I hereby agree that my interest, if any, in the Unvested Shares subject to the Agreement shall be irrevocably bound by the Agreement and further understand and agree that any community property interest I may have in the Shares shall be similarly bound by the Agreement.
I agree to the Purchase Option described in the Agreement and I hereby consent to the repurchase of the Unvested Shares by the Company and the sale of the Unvested Shares by my spouse or my spouse’s legal representative in accordance with the provisions of the Agreement.

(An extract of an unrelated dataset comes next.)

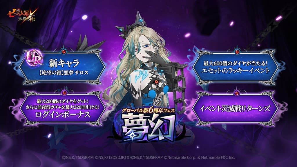 全新“全球版6周年庆典扭蛋无限”将推出新UR角色[绝望锁链]梦魇萨罗斯。里程奖励系统允许玩家每次抽取积累积分——达到900里程时,可在梦魇萨罗斯或梦魇萨布拉克之间选择,而300和600里程碑则奖励额外的UR或SSR角色。活动期间还将推出“全球版6周年庆典强化扭蛋无限”,SSR角色抽取概率提升至6%。

Further, as part of the consideration for the Agreement, I agree that at my death, if I have not disposed of any interest of mine in the Unvested Shares by an outright bequest of the Unvested Shares to my spouse, then the Company shall have the same rights against my legal representative to exercise its rights of repurchase with respect to any interest of mine in the Unvested Shares as it would have had pursuant to the Agreement if I had acquired the Unvested Shares pursuant to a court decree in domestic litigation.
I AM AWARE THAT THE LEGAL, FINANCIAL AND RELATED MATTERS CONTAINED IN THE AGREEMENT ARE COMPLEX AND THAT I AM FREE TO SEEK INDEPENDENT PROFESSIONAL GUIDANCE OR COUNSEL WITH RESPECT TO THIS CONSENT. I HAVE EITHER SOUGHT SUCH GUIDANCE OR COUNSEL OR DETERMINED AFTER REVIEWING THE AGREEMENT CAREFULLY THAT I WILL WAIVE SUCH RIGHT.
Dated as of the _______ day of November, 2013.